World debt had risen to above 210 per cent of global GDP in 2013, up from some 180 per cent in 2008, according to August's Geneva Report on the World Economy.

In truth, the world may well have borrowed beyond what it can easily afford to repay, and what it owes, it mainly owes in dollars.

"Most central bankers know that our economies do not face a liquidity problem but a solvency problem linked to excessive debt accumulation," said William White, chairman of the economic and development review committee of the OECD, in a recent interview.

Central banks, with the US Federal Reserve at the forefront, addressed liquidity problems at the start of the global financial crisis in 2008, when the collapse of Lehman Brothers triggered a seizure in the world's financial markets, by pumping money into the system, providing cheap and plentiful funds over the following years.

But the availability of cheap dollars may have resulted in dollar-denominated debt-financed investment decisions which now seem less economically well-grounded.
Money supply is made up of money and credit.

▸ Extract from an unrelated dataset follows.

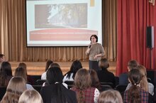 В завершении встречи школьники громким хоровым "спасибо" поблагодарили наших ребят за мероприятие! -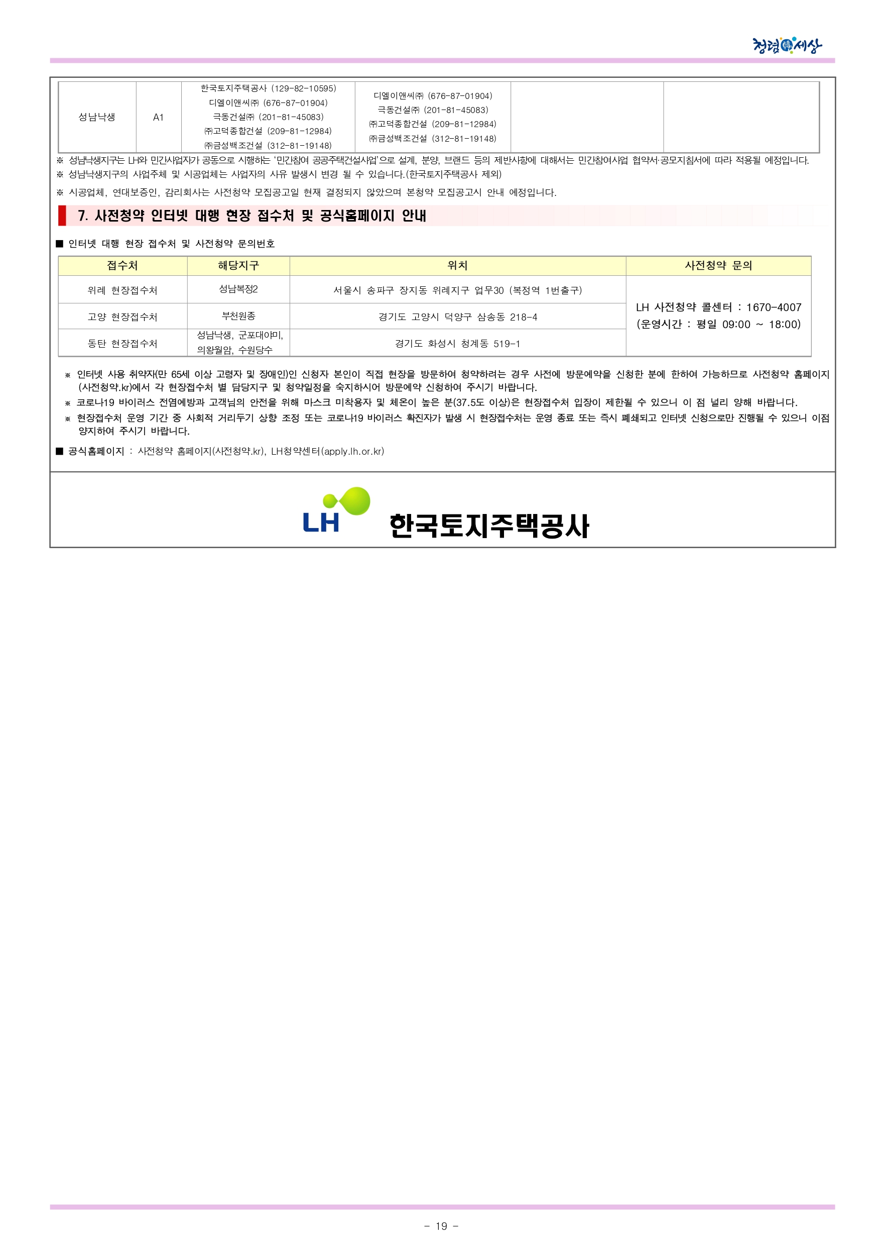 - 성남낙생 : 경기도 성남시 분당구 동원동 일원 1,400호 중 사전청약 공급호수(공공분양) 884호

The growth of U.S. dollar credit is the inflation; the repayment of debt is deflation. During the dollar inflation in the 2000s, the U.S. dollar declined. In the credit inflation post-2008, the U.S. dollar did not decline versus the developed market currencies at all (U.S. Dollar Index) and it didn't fall very far versus emerging market currencies. This round of deflation and U.S. dollar appreciation is starting from a higher level of total credit and a higher initial U.S. dollar level. The final U.S. Dollar Index reading at the end of this cycle will be far above current market expectations.